What the task asks: Retype the data that follows exactly. No pictures belong in the copy.

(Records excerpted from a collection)
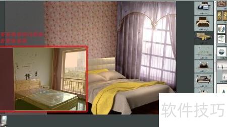 5、 室内家具可自由更换,如替换床具后,需调整图片选区范围,具体效果见示意图。
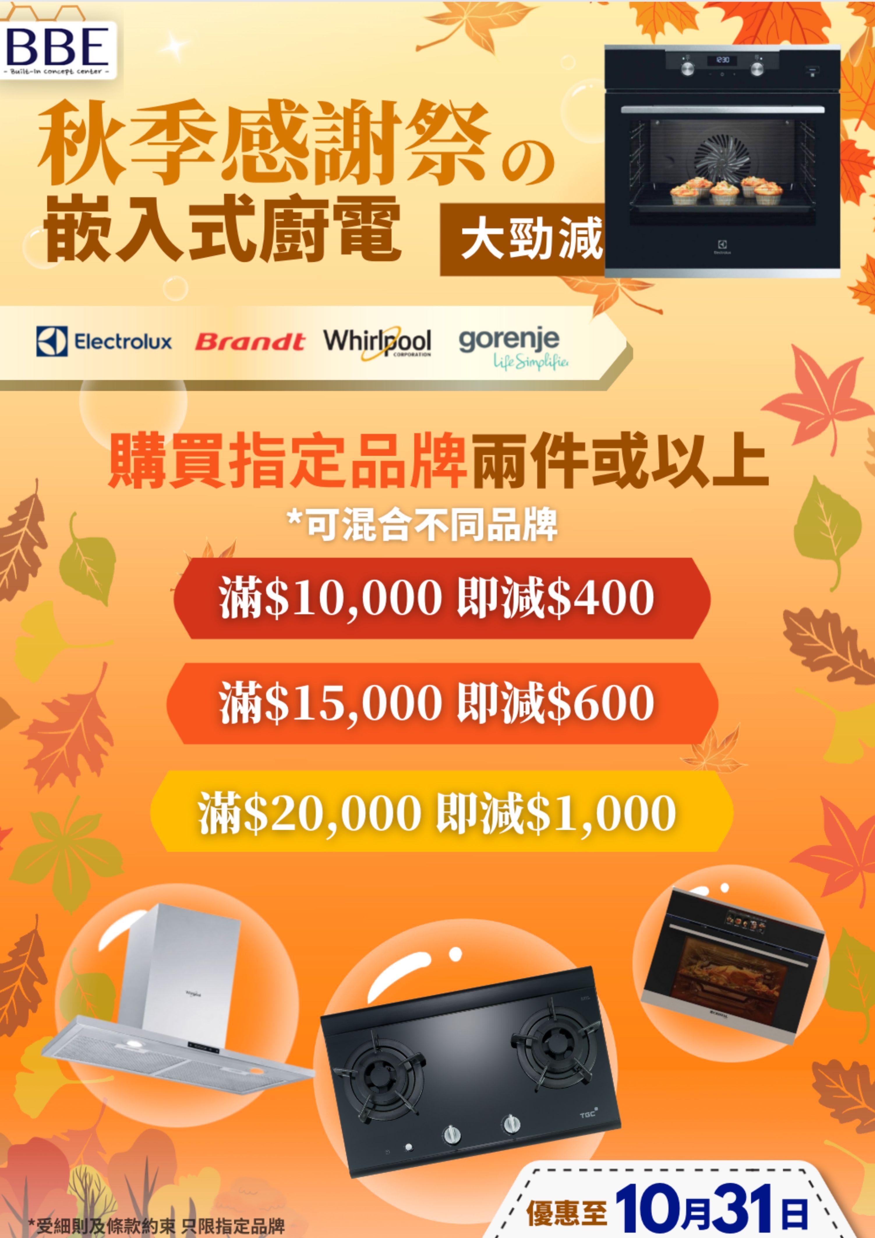 秋日感謝祭 嵌入式廚電大勁減 即日起至10月31日購買兩件或以上指定嵌入式廚房電器品牌 蒸焗爐/抽油煙機/煮食爐
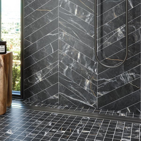 Elegance Marquina Gold Chevron 3.15 in. x 15.75 in. Matte Porcelain Marble look Floor and Wall Tile (10.34 sq. ft./Case)
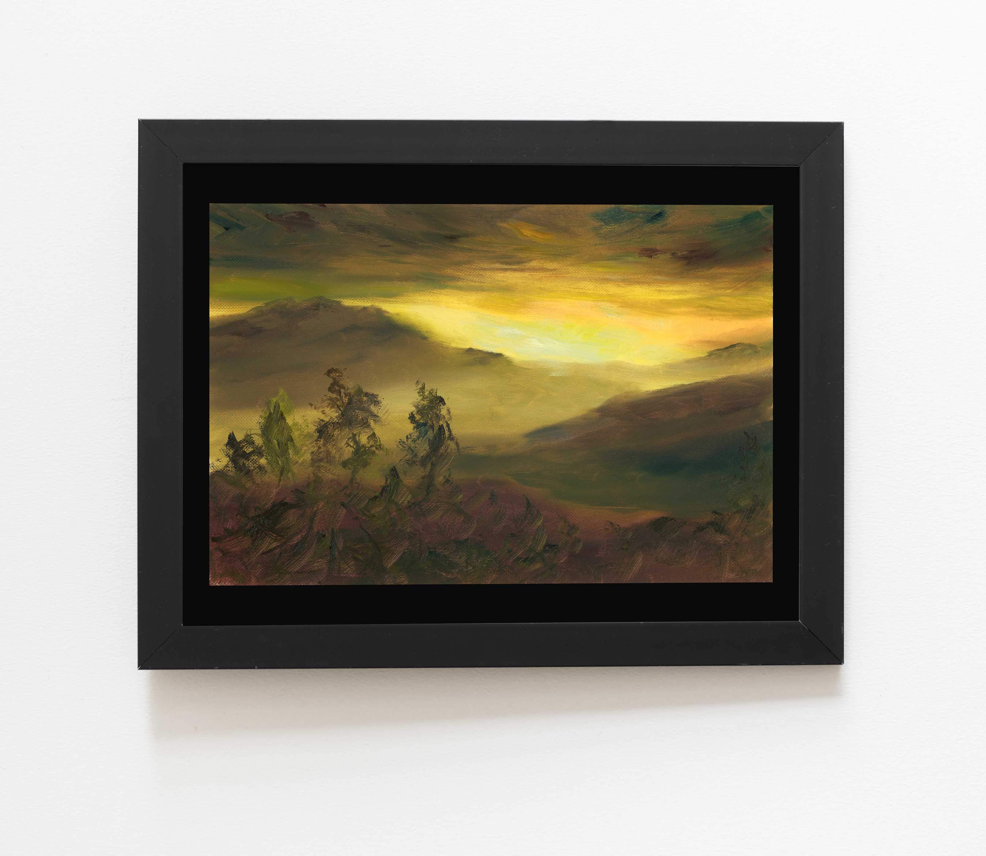 Obraz wykonany został farbami olejnymi przeznaczonym do tej techniki papierze. Jest oprawiony w czarną drewnianą ramę podobną do tej na zdjęciu.
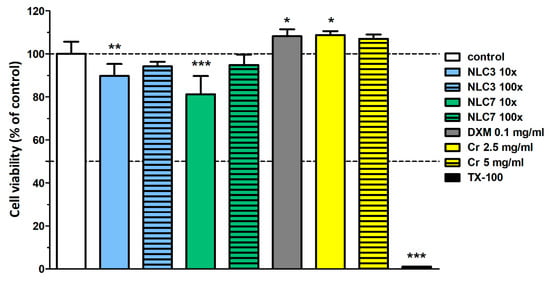 In order to analyze the possible toxicity of the formulated NLCs, a human cornea cell viability study was applied, where the most relevant compositions (NLC3 and 7) based on the drug release study, the emulsifier (Cremophor RH60), and DXM were investigated [4].
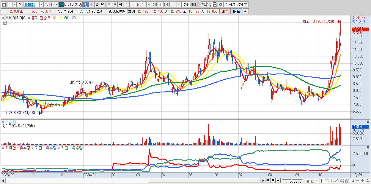 - 비에이치아이 (12,450원 ▲ 5.51% , 시총: 3,853억, 외국인 순매수 거래금:44억)

Answer to this exercise:
 5、 室内家具可自由更换,如替换床具后,需调整图片选区范围,具体效果见示意图。
 秋日感謝祭 嵌入式廚電大勁減 即日起至10月31日購買兩件或以上指定嵌入式廚房電器品牌 蒸焗爐/抽油煙機/煮食爐
 Elegance Marquina Gold Chevron 3.15 in. x 15.75 in. Matte Porcelain Marble look Floor and Wall Tile (10.34 sq. ft./Case)
 Obraz wykonany został farbami olejnymi przeznaczonym do tej techniki papierze. Jest oprawiony w czarną drewnianą ramę podobną do tej na zdjęciu.
 In order to analyze the possible toxicity of the formulated NLCs, a human cornea cell viability study was applied, where the most relevant compositions (NLC3 and 7) based on the drug release study, the emulsifier (Cremophor RH60), and DXM were investigated [4].
 - 비에이치아이 (12,450원 ▲ 5.51% , 시총: 3,853억, 외국인 순매수 거래금:44억)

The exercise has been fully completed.